:: Supplied material ::

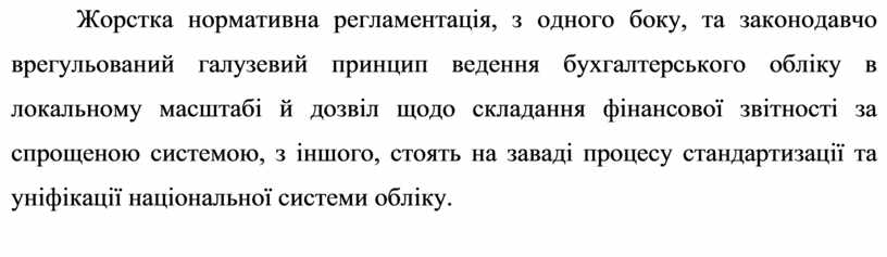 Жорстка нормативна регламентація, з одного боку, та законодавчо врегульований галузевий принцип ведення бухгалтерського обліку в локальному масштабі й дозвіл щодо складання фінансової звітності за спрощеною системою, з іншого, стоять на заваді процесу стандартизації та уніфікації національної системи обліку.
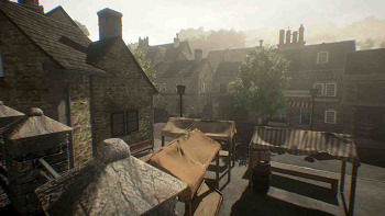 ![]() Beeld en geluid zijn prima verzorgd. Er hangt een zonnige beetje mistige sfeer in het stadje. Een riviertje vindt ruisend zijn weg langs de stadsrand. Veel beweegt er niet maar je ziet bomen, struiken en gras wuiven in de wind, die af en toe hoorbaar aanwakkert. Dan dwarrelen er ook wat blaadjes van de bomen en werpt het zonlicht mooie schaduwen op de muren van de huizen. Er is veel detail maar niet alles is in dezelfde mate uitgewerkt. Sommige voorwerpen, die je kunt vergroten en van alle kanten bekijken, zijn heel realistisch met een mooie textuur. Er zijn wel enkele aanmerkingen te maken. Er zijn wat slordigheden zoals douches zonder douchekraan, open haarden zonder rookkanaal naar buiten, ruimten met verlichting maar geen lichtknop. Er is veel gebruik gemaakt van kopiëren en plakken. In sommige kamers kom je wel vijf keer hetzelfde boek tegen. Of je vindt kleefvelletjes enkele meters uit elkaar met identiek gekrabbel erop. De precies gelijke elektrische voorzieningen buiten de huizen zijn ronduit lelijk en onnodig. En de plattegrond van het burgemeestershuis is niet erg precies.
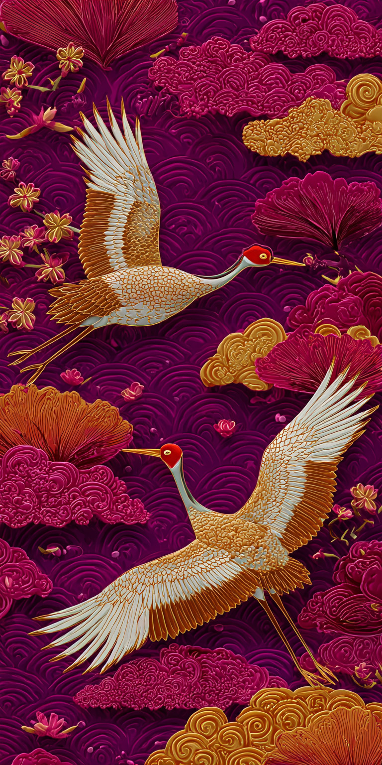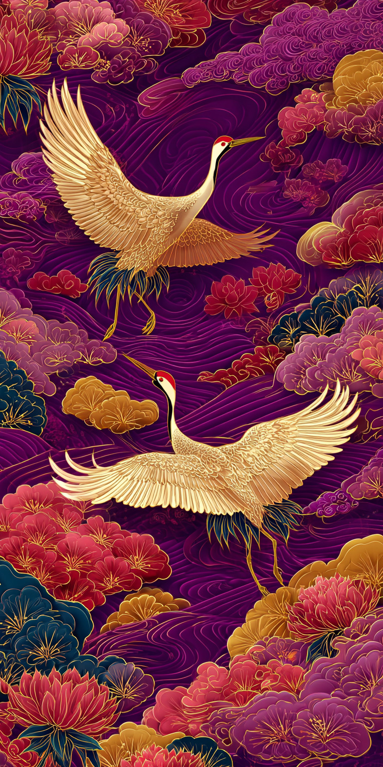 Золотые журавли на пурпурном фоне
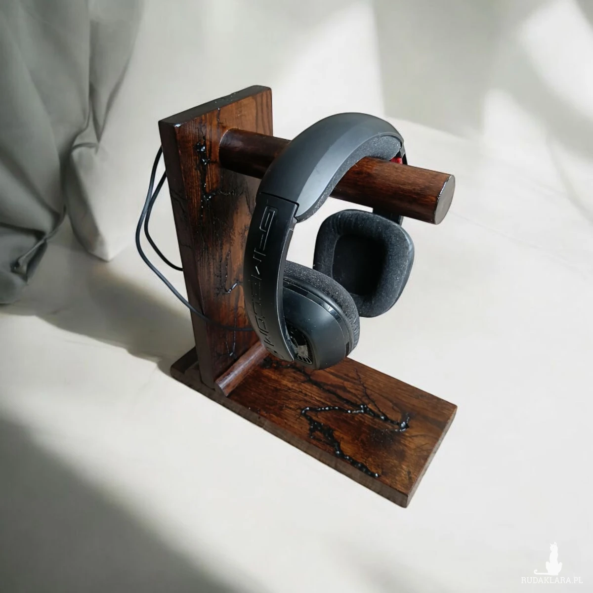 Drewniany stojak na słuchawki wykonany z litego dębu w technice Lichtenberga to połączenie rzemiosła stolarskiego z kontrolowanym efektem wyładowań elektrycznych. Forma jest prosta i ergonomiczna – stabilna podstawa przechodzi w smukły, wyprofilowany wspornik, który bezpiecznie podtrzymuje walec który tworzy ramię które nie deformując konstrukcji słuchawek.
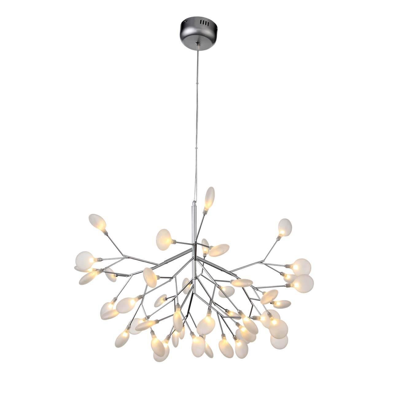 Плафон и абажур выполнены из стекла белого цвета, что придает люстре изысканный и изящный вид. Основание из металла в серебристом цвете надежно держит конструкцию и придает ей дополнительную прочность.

:::
:: Supplied material ::

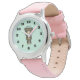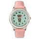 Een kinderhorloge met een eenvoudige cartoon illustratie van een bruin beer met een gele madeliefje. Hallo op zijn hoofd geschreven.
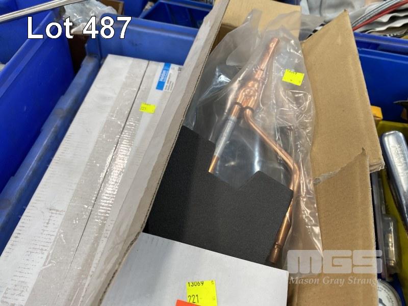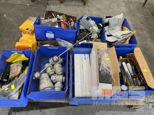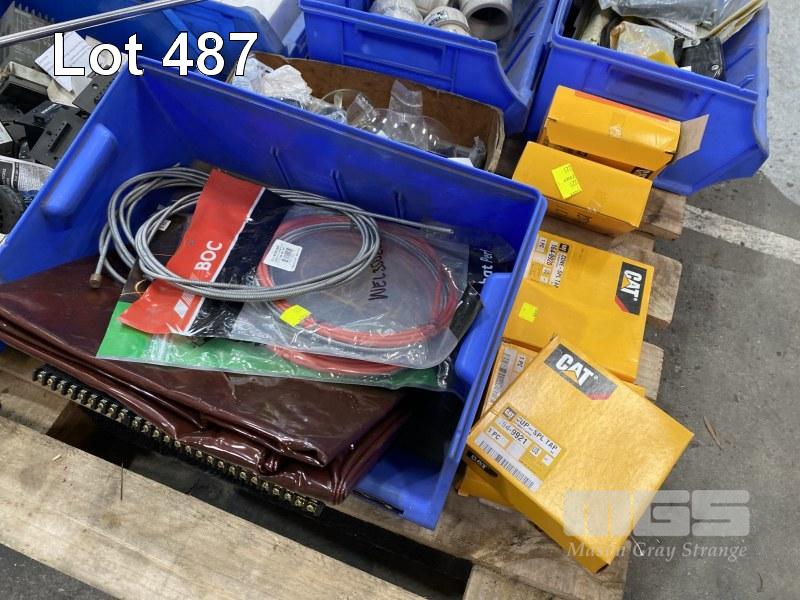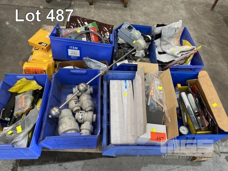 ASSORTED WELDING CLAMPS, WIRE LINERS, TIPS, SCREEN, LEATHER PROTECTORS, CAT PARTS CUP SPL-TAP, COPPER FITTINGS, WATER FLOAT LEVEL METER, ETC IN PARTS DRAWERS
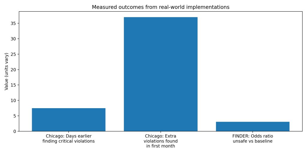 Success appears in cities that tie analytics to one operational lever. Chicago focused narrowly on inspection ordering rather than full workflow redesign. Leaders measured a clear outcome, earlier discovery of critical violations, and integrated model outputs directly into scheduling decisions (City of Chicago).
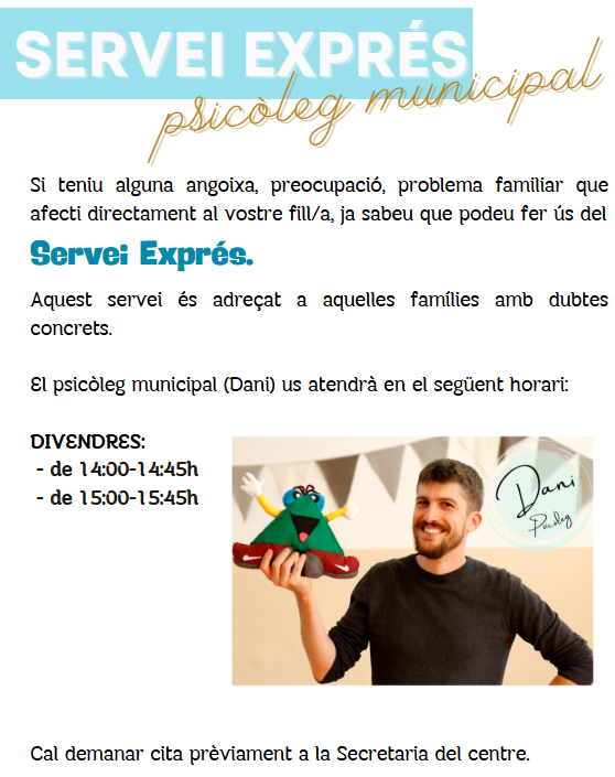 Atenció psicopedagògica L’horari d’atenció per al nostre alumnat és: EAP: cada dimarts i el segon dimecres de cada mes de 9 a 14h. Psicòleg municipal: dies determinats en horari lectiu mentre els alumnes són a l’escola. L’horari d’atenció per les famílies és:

:::
:: Supplied material ::

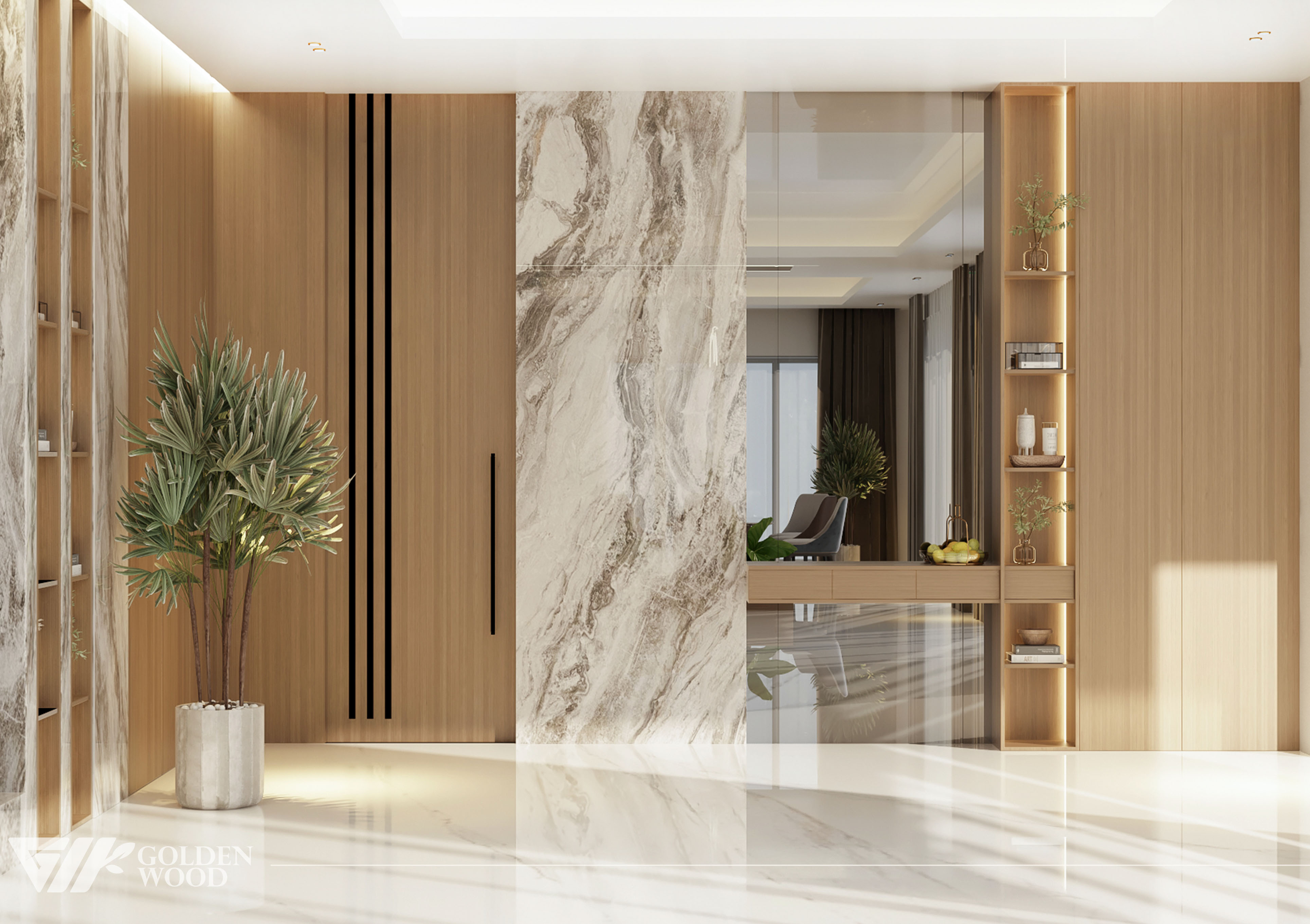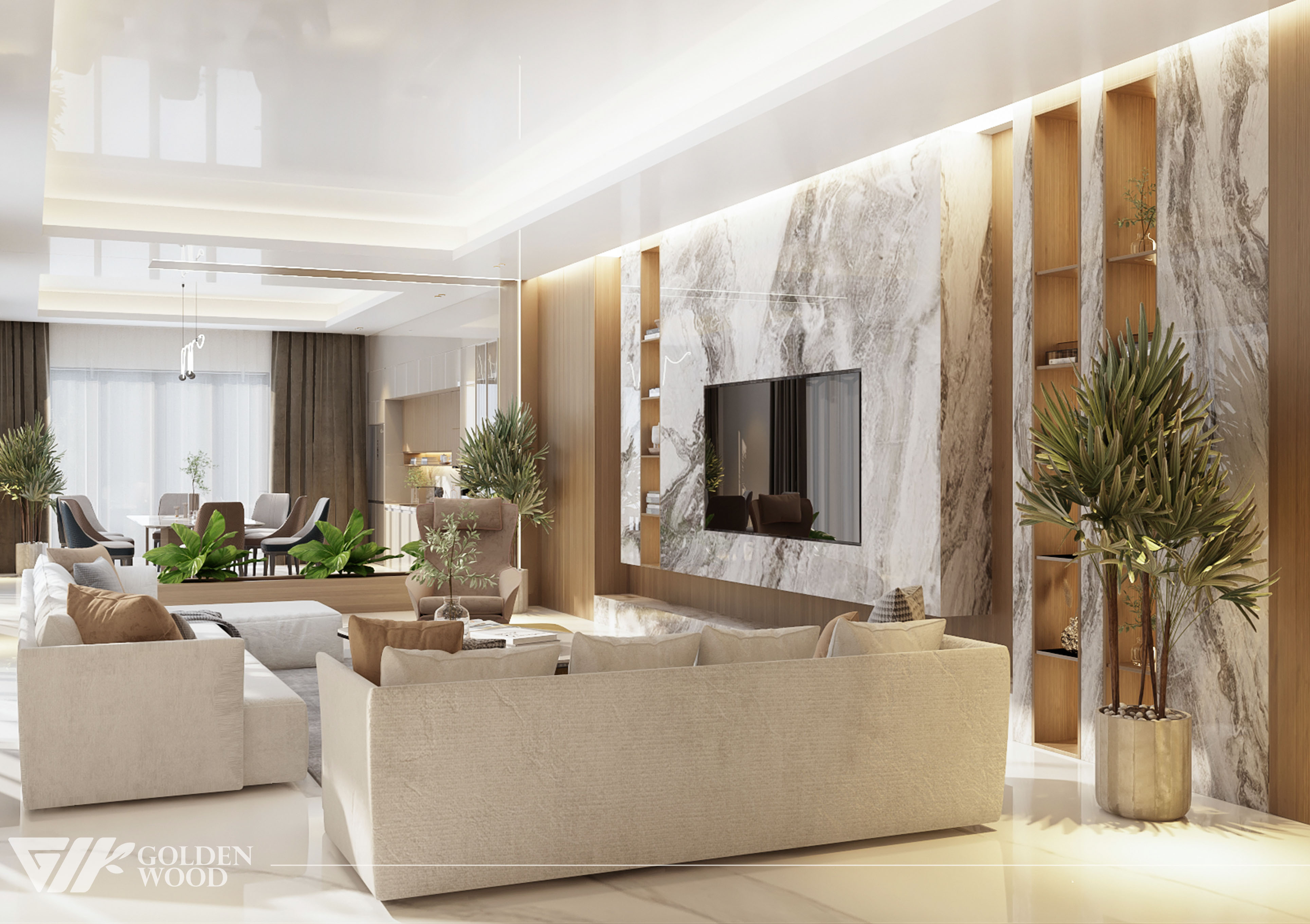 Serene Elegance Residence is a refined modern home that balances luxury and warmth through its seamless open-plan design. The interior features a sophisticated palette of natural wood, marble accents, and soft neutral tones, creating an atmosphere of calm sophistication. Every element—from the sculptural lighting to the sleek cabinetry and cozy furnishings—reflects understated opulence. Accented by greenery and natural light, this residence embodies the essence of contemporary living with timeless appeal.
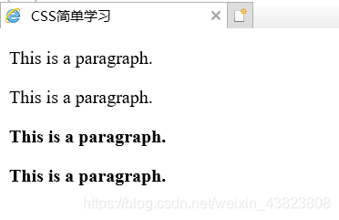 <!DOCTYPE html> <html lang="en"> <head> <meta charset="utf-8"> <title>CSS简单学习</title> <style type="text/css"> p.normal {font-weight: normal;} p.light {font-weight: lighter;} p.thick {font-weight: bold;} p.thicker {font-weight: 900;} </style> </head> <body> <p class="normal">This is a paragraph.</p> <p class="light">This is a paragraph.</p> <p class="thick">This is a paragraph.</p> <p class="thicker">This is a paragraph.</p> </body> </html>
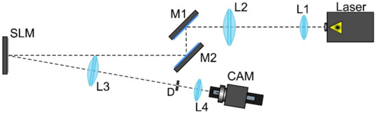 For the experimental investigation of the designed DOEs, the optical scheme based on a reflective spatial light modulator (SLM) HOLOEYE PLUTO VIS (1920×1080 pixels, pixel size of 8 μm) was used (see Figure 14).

:::

- [About this task] Within the entries above, give again exactly the lines starting at the one that contains "Жорстка нормативна регламентація, з" and ending at the one that contains "Плафон и абажур", leaving out the pictures.

- [Response below]
 Жорстка нормативна регламентація, з одного боку, та законодавчо врегульований галузевий принцип ведення бухгалтерського обліку в локальному масштабі й дозвіл щодо складання фінансової звітності за спрощеною системою, з іншого, стоять на заваді процесу стандартизації та уніфікації національної системи обліку.
 ![]() Beeld en geluid zijn prima verzorgd. Er hangt een zonnige beetje mistige sfeer in het stadje. Een riviertje vindt ruisend zijn weg langs de stadsrand. Veel beweegt er niet maar je ziet bomen, struiken en gras wuiven in de wind, die af en toe hoorbaar aanwakkert. Dan dwarrelen er ook wat blaadjes van de bomen en werpt het zonlicht mooie schaduwen op de muren van de huizen. Er is veel detail maar niet alles is in dezelfde mate uitgewerkt. Sommige voorwerpen, die je kunt vergroten en van alle kanten bekijken, zijn heel realistisch met een mooie textuur. Er zijn wel enkele aanmerkingen te maken. Er zijn wat slordigheden zoals douches zonder douchekraan, open haarden zonder rookkanaal naar buiten, ruimten met verlichting maar geen lichtknop. Er is veel gebruik gemaakt van kopiëren en plakken. In sommige kamers kom je wel vijf keer hetzelfde boek tegen. Of je vindt kleefvelletjes enkele meters uit elkaar met identiek gekrabbel erop. De precies gelijke elektrische voorzieningen buiten de huizen zijn ronduit lelijk en onnodig. En de plattegrond van het burgemeestershuis is niet erg precies.
 Золотые журавли на пурпурном фоне
 Drewniany stojak na słuchawki wykonany z litego dębu w technice Lichtenberga to połączenie rzemiosła stolarskiego z kontrolowanym efektem wyładowań elektrycznych. Forma jest prosta i ergonomiczna – stabilna podstawa przechodzi w smukły, wyprofilowany wspornik, który bezpiecznie podtrzymuje walec który tworzy ramię które nie deformując konstrukcji słuchawek.
 Плафон и абажур выполнены из стекла белого цвета, что придает люстре изысканный и изящный вид. Основание из металла в серебристом цвете надежно держит конструкцию и придает ей дополнительную прочность.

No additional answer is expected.